その関係性の近さから、弾む会談の中に俺には通じない話題が何度も登場したけれど、それらにいちいち疎外感を覚えている暇は、今日の俺にはなかった。



コースの食事は滞りなく進み、やがてそれぞれが選んだ飲み物で寛ぐ時間が訪れた。

こういった席では、食事の終了が決まるのは父次第だ。

それをわかっている俺は、父がその言葉を放つ前に先手を打ちたかった。


父がカップに口を付ける回数をカウントし、三度目になったところで、心を決めた。



「父さん、聞いてもらいたい話があるんだけど」


両手を膝上に整え、背筋を伸ばして口火を切った。

俺以外の全員がこちらに意識を向けるのを感じた。

だが誰も、驚いた風ではなかったのだ。

兄と婚約者はもちろん、母も、そして俺が名指しにした父も。


父はカップから手を離さず、俺を見ながらもう一口含ませた。

カップ越しの父の双眸は、いつも以上に鋭かった。


「話、ね……」


カップをソーサーに戻しながら、低く吐く。

けれど先ほど兄にもすっかり見破られていたように、父にも俺の思惑は筒抜けだったようだ。

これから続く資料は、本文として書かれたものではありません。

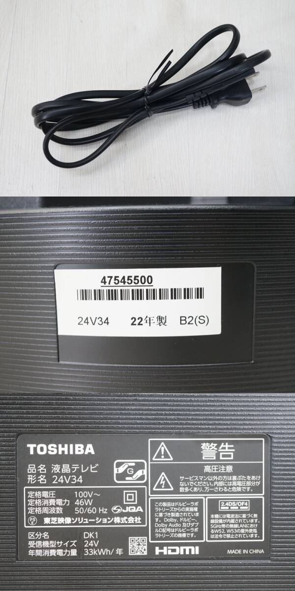 | 東ハ:【東芝】REGZA レグザ ハイビジョン 液晶テレビ 24V型 24V34 2022年 リモコン付 YouTube対応 24インチ ★送料無料★ |
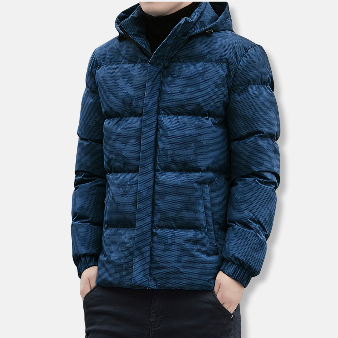 Designed for men, this relaxed fit nylon puffer jacket is a versatile choice for casual occasions. It features a distinctive camouflage print, a high neck, and long sleeves, complete with a hood and quilted detailing. Practical elements like a snap button placket, front pockets, and elastic cuffs enhance its hip-length silhouette.
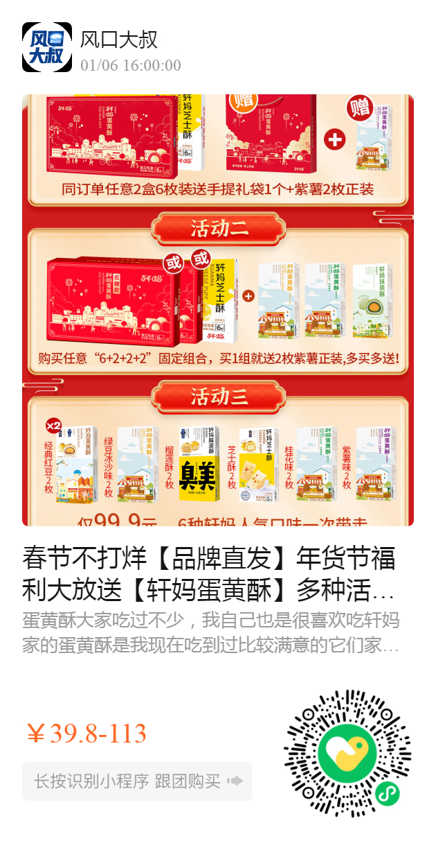 春节不打烊【品牌直发】年货节福利大放送【轩妈蛋黄酥】多种活动,超丰富,任你选择✔️ 🔺任意口味2盒六枚装,赠送2枚紫薯正装➕1个轩妈新春礼袋! 🔺6+2+2+2组合,限时赠送2枚紫薯酥正装! 全部发货前现做现发❗️
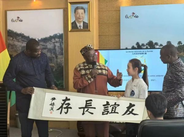 在几内亚共和国文化参赞精彩的介绍之后,大使馆工作人员为每一位到场的客人,赠送了他们精美的国家宣传册,以作珍藏。作为礼仪之邦,我们华夏儿女当然要礼尚往来,老师和学生代表纷纷为大使们送上了中国特色的礼物,其中一幅学生自己的书法作品《友谊长存》最能表达我们的美好愿景。祝愿中几关系蓬勃发展,祝愿两国人民友谊长存。
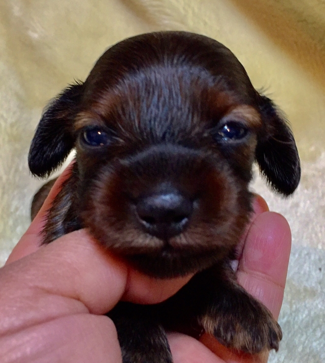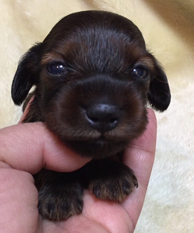 現在カニヘンダックスを飼っており、この度2頭目が欲しいと思っていたところ、細田様の子犬が目に留まりました。以前よりドイツダックスに興味があり、実際お宅に伺って直接子犬また両親犬を見ることができその毛色の素晴らしさに感動しました。またお話しを伺い犬に対する強い思い、深い愛情を持って育てられている事が感じられましたので、その場で即決譲渡させて頂くことになりました。 また、『もし何かありましたら24時間いつでも御連絡下さい』と… 子犬は健康的で元気一杯、人懐っこい性格でした。 ドイツダックスに興味のある方 おすすめのブリーダーさんです!(静岡県 男性)
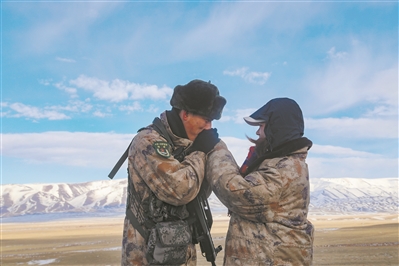 巡邏途中休息時(shí),宣偉為妻子歐陽冬梅焐手取暖。
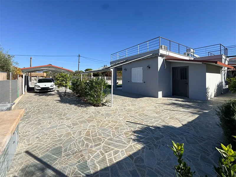 • Μεγάλο Οικόπεδο 500 τ.μ.: Διαμορφωμένος κήπος με γκαζόν και πλακόστρωτο.
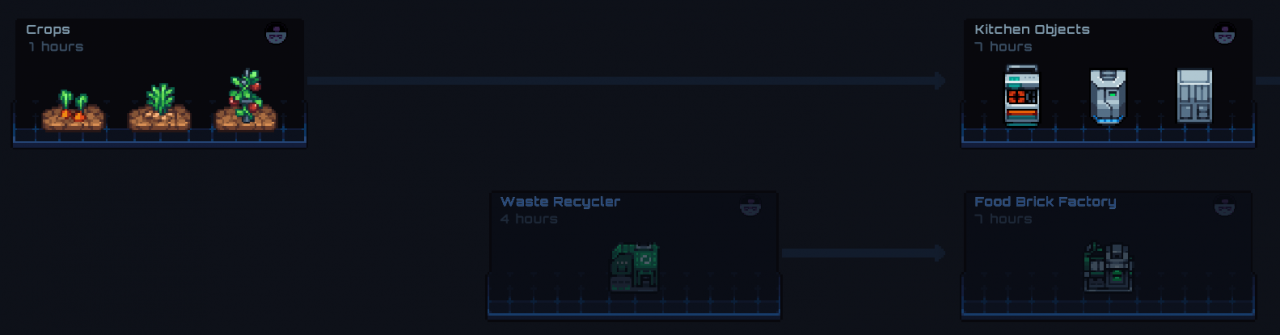 Crops and Kitchen Objects look like the next most important thing … but they have a prerequisite in order to grow: carried or piped water.
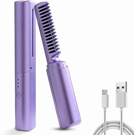 Generic - مكواة فرد شعر لاسلكية محمولة للسفر، مكواة فرد شعر صغيرة قابلة لاعادة الشحن، مكواة فرد وتجعيدها وفردها، فرشاة فرد شعر صغيرة 2 في 1 مع 3 مستويات، محمولة
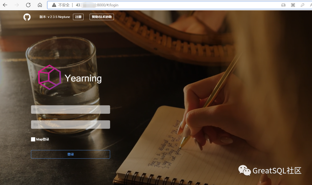 Yearning在服务器上部署运行后,就可以通过http://服务器ip:8000/#/login进行访问了,默认账号为初始化账号,页面如图:
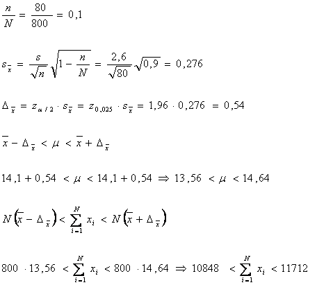 Exemplu: Sa se determine intervalul de incredere, garantat cu o probabilitate de 95% pentru media si nivelul total al unei caracteristici numerice X, daca esantionul selectat aleator repetat este de 36 de unitati (adica, 5% din colectivitatea generala), de medie 800 si abatere medie patratica 60.
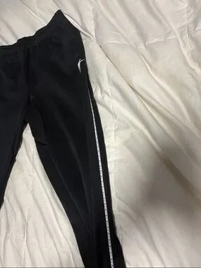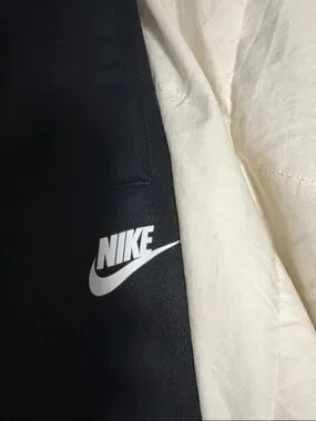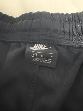 Soft black joggers for everyday play. Elastic waistband and cuffed ankles for secure fit. White Nike logo and subtle side trim detail. Lightweight fabric for active comfort.
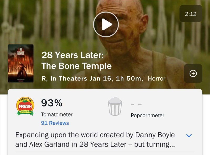 Вторая часть ожидаемой трилогии получила 93% положительных отзывов на Rotten Tomatoes, что является историческим рекордом для этой серии. Для сравнения: — «28 дней спустя» — 87% — «28 недель спустя» — 73% — «28 лет спустя» — 89% — «28 лет спустя: Храм костей» — 93% Третья часть также планируется, и в ней обещают вернуть актёра Киллиана Мёрфи. Постмейкер - автоматическое ведение канала 🤖 Анимация | СhatGPT-4 | Помощь с резюме
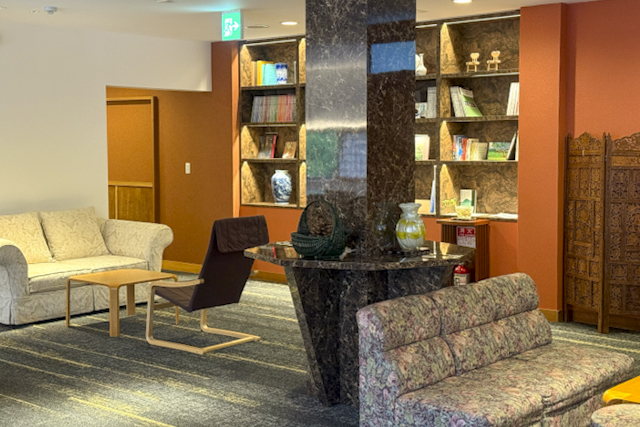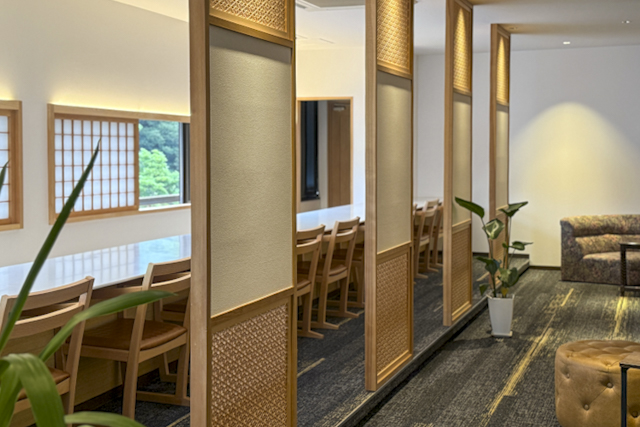 貸切露天風呂や外湯めぐりを楽しんだ後は、最上階のラウンジスペースでくつろぐぜいたくなひとときを。コーヒーマシンやデトックスウォーター、アイスクリームなどを自由に利用でき、食事前の休憩や湯上がりにぴったりです。城崎や旅をテーマにした書籍が並ぶライブラリーも設置され、本を眺めながら穏やかな時間が過ごせます。
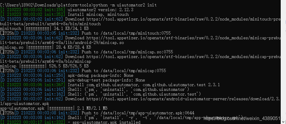 这个步骤其实就是在我们的手机上安装apk。记住要去手机操作同意安装
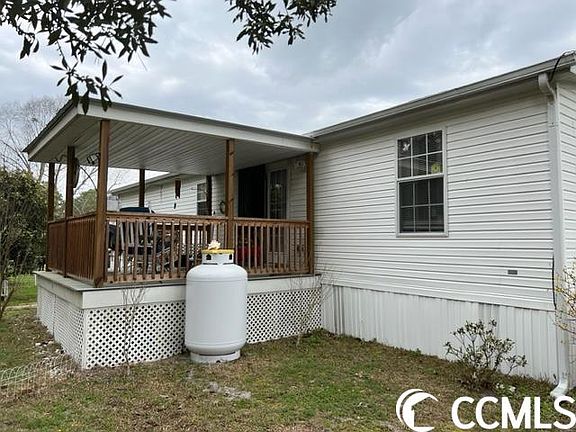 What a fantastic opportunity to own a home near all Myrtle Beach has to offer. This double wide manufactured home is located on leased land in Conway Plantation. The home features 3 bedrooms, 2 full bathrooms, a gas burning fireplace and a split floorplan. There is an inviting covered porch on the front of the home that is perfect for rocking chairs and morning coffee. Off the back of the home is another covered porch that over looks a wooded area. An added bonus to this home is the large detached garage with a built in work bench. There is a community swimming pool and a playground in the development. Call your agent today for more details and to schedule a showing!
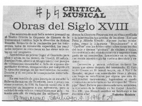 Telemann y Chilenos contemporáneos Crítica Musical [artículo]
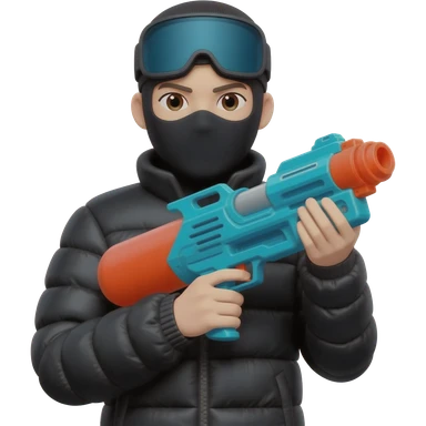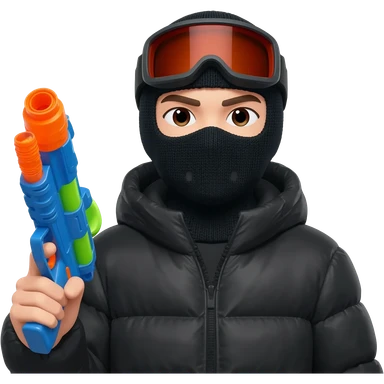 YN with a water gun. He should be in a ski mask, black puffer emoji
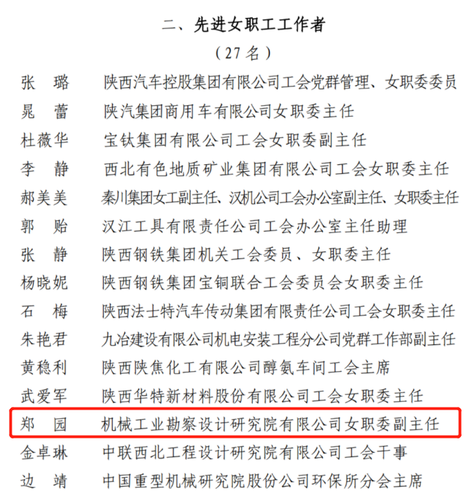近日,陕西省机械冶金建材工会发布了《关于表彰陕西省机械冶金建材系统工会先进女职工组织和女职工工作者、先进女职工集体和个人的决定》(陕机冶建工发【2023】11号),我院两名女职工受到表彰。
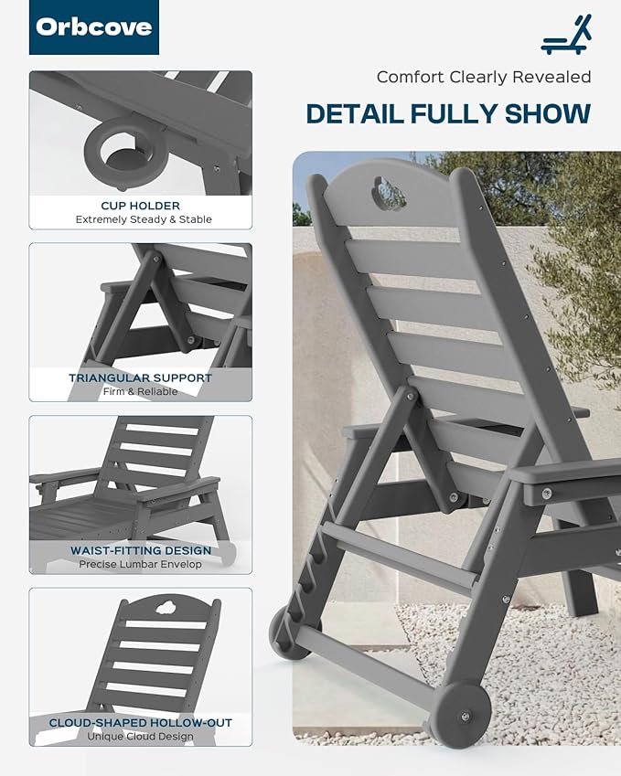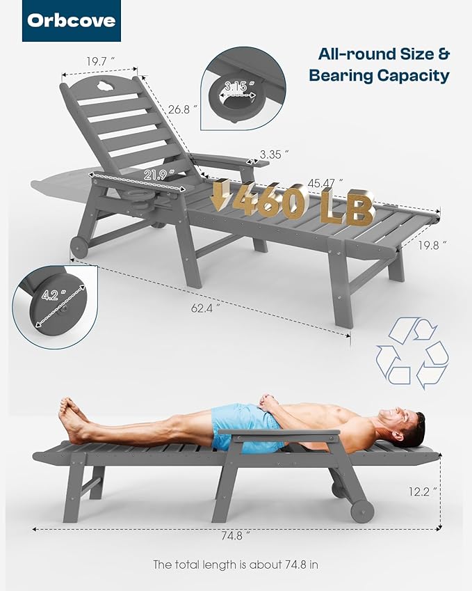 - Weatherproof HDPE: Outdoor chaise lounge Built with UV-resistant HDPE for fade-proof durability, ideal for poolside splashes or coastal climates.
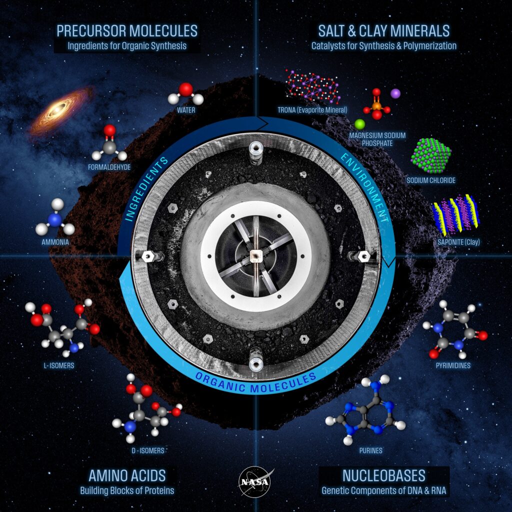 Αναλύοντας τα δείγματα αυτά, τα οποία είναι τα πρώτα δείγματα από την επιφάνεια αστεροειδούς που έλαβε η NASA στο Διάστημα και τα μοναδικά που συλλέχθηκαν από πλανητικό σώμα εδώ και σχεδόν 50 χρόνια μετά τις αποστολές Apollo, οι ερευνητές βρήκαν χιλιάδες οργανικές μοριακές ενώσεις. Οι ενώσεις αυτές περιλάμβαναν 14 από τα 20 πρωτεϊνικά αμινοξέα που υπάρχουν στις μορφές ζωής της Γης, 19 μη πρωτεϊνικά αμινοξέα που είναι σπάνια ή απουσιάζουν από τη βιολογία και όλες τις πέντε βιολογικές νουκλεοβάσεις (αδενίνη, κυτοσίνη, γουανίνη, θυμίνη και ουρακίλη).

「それは、お前の誕生日が近いことと関係しているのか?」


言い当てられて、グッと息を飲み込んだ。

だがグズグズはしていられない。

俺は父がまだ聞く姿勢を見せてくれているうちにと、一思いに語った。


「その通り。俺はもうすぐ約束の30の誕生日を迎える。父さんや母さんも覚えてるだろう? ”30までにダンスで結果を出さなかったらダンサーを辞めて家の仕事を手伝う” っていう約束を。それについて話したいことがある」

「”30までにブロードウェイの舞台に立つ” の間違いじゃないか?」

「そう言うと思った。でもそれは、”ダンスで結果を出す” が抽象的過ぎるというから、具体例として持ち出しただけだ。だから、」

「自分はもう約束の条件を満たしているとでも言いたいのか?」


鋭利な目つきと冷えた糾弾が、地を這うようにして絡みついてくる。

けれど俺は怯まなかった。


「―――そうだけど?」


これは開き直りなんかではない。

俺がFANDAKで確立したポジションは、ダンサーとして成功したのだと胸を張れるものだから。

それでも、俺が今日父に伝えたかったのは、自分のダンサーとしての仕事ぶりではないのだ。



「父さんがダンサーとしての俺を知らないのは無理もないけど、俺はFANDAKではダンサーとして中心的な立場にいると自負してる。嘘だと思うなら母さんや兄さんに訊いてほしい。それでも信用ならないなら、ディレクターの連絡先を渡すから、直接父さんが確かめたらいい。とにかく俺は、ダンサーとして仕事内容も、経済的にも、家族を養えるくらいには自立できているんだ。これを成功と呼ばずに何て言う?」

「つまりお前は、条件をクリアしているから、家に戻るつもりはないと?」

「違う。その逆だよ」

「なに?」


俺は一呼吸おいてから、考えに考え抜いた末に辿り着けた自分の意志を口にした。